Please write out the full listing beneath this line exactly, skipping its images.

■ Records to process:
•••••

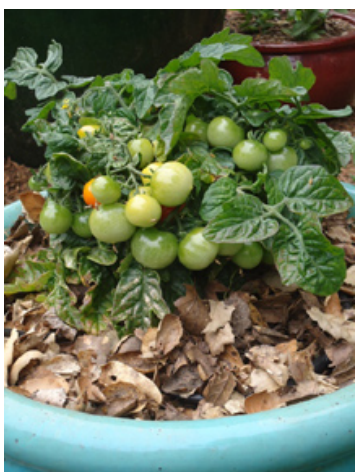
Bonsai Container Tomato

Another great container variety this season is our mini spaghetti squash trial. We have found a variety that grows nicely in a container, setting several pretty per plant, and appears to be quite early to harvest. If it tastes as good as it looks, then we will call this variety a winner and offer it in the future.
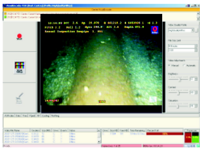
Real-time Display of Visual Encoder Video Data Capture Module

VisualEncoder provides a continuous real-time display of the video images and on-line survey navigation data as well as providing comprehensive system status information. All video data can be streamed live to other PC's on the survey vessel via the LAN. All data inputs are time synchronised enabling simultaneous playback of all events on all/any cameras using the VisualEdit video review module.
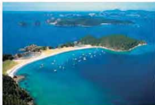
In a 2006 study, the Bay of Islands was found to have the second bluest sky in the world, after Rio de Janeiro. Dumé, Belle (2 August 2006)

•••••

■ Expected answer:
Bonsai Container Tomato

Another great container variety this season is our mini spaghetti squash trial. We have found a variety that grows nicely in a container, setting several pretty per plant, and appears to be quite early to harvest. If it tastes as good as it looks, then we will call this variety a winner and offer it in the future.
Real-time Display of Visual Encoder Video Data Capture Module

VisualEncoder provides a continuous real-time display of the video images and on-line survey navigation data as well as providing comprehensive system status information. All video data can be streamed live to other PC's on the survey vessel via the LAN. All data inputs are time synchronised enabling simultaneous playback of all events on all/any cameras using the VisualEdit video review module.
In a 2006 study, the Bay of Islands was found to have the second bluest sky in the world, after Rio de Janeiro. Dumé, Belle (2 August 2006)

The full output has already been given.